Именно мистер Пол Делягарди сочинил: «Нужно иметь комплект женщин, как рубашек: одна на день и одна на ночь». И когда ему указали, что это решение противно как закону, так и морали, он добавил, пожав плечами: «Pour être bonne femme il faut être bonne à tout faire», то есть хорошая жена должна быть хороша во всём. Закон (который, как сова Минервы, лучше видит ночью, чем днём) в своей мудрости уделяет больше внимания постели, чем столу, полагая, что удовлетворение одной потребности подразумевает и удовлетворение другой. Частичное оправдание этому — фокусирование внимания на наследовании собственности. Однако распространённая ошибка, — очень распространённая среди людей с недостатком конструктивного воображения в отношении искусства совместного проживания, — это считать, что потерянное на дневной карусели может быть возмещено на ночных качелях. Мистер Делягарди не разделял этого заблуждения и поэтому оставался холостяком. Он был слишком ленив и эгоистичен, чтобы применять к личным проблемам свою способность проникновения в суть вещей. Его больше привлекала возможность расслабиться и наблюдать ошибки, сделанные другими, чем давать яркий пример для подражания.

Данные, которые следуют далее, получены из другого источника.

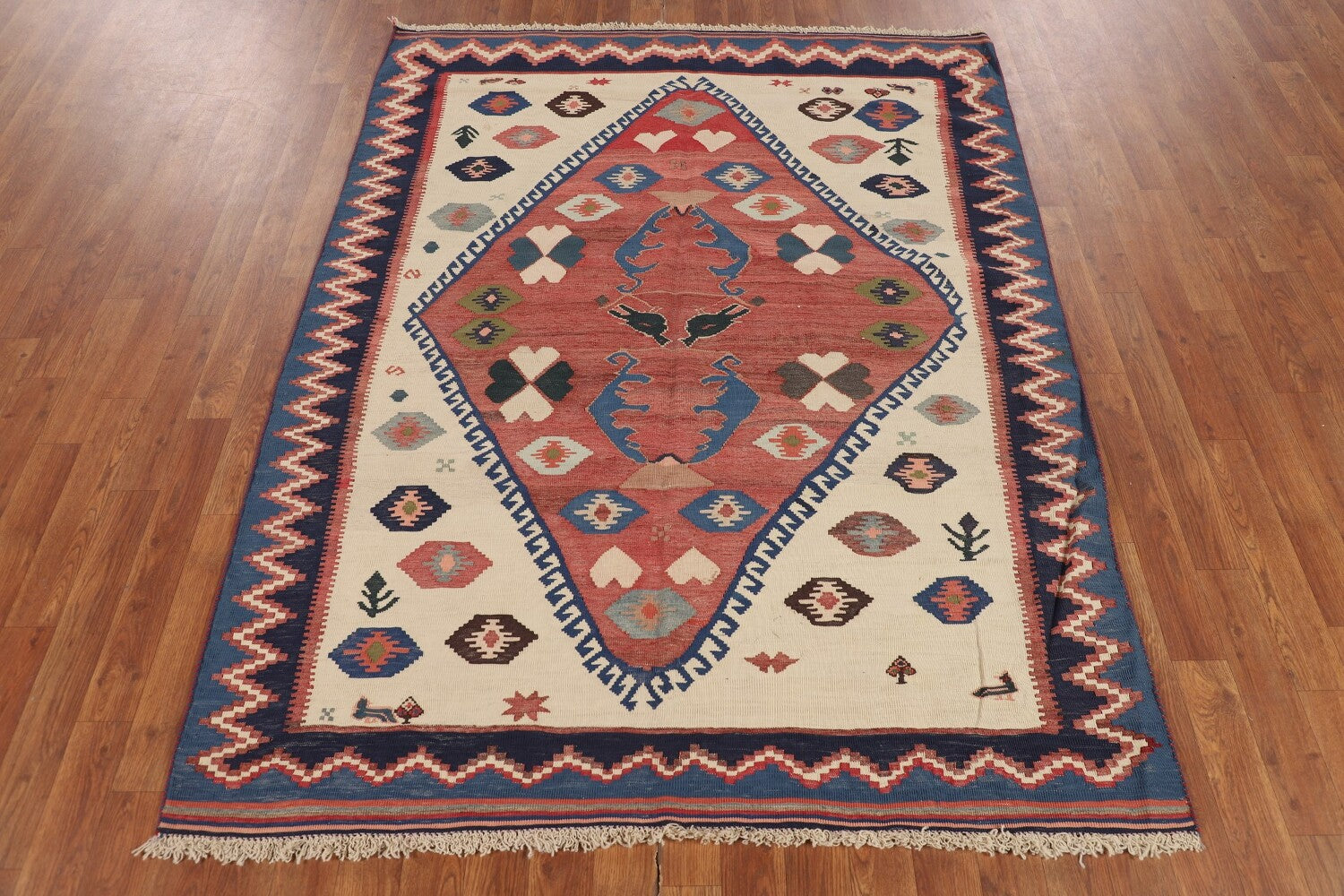 Tribal Wool Kilim Qashqai Persian Vegetable Dye Rug 5x6

И всё же в построенной им жёсткой структуре оставалось уязвимое звено. Он обнаружил, что сама мысль о том, что его племянник Питер к прискорбию женат, расстроила его прекрасное пищеварение. Вопреки обычаю он предложил себя в роли адвоката житейской премудрости ещё до свершившегося, стремясь в этом особом случае предотвратить, а не просто посмаковать катастрофу. То, что в характере племянника были тайные уголки, куда не проникал сухой свет его собственной проницательности, он с сожалением сознавал. К настоящему времени он уже в течение почти тридцати лет помогал Питеру отделять дневные дела от ночных, сознавая всё это время, что для Питера это разделение совершенно искусственно. Наблюдая, как племянник теперь пытается осуществить рискованный синтез, как в химическом эксперименте, он осторожно держался в стороне: раз уж ничем не помочь, можно, по крайней мере, воздержаться от мельтешения под рукой экспериментатора. Наблюдать всегда было его métier; [62] но наблюдать с волнением — это было чем-то новеньким. Во время их краткой встречи в Париже лицо его племянника оставалось для него загадкой — это было лицо человека, который ничего не считает само собой разумеющимся.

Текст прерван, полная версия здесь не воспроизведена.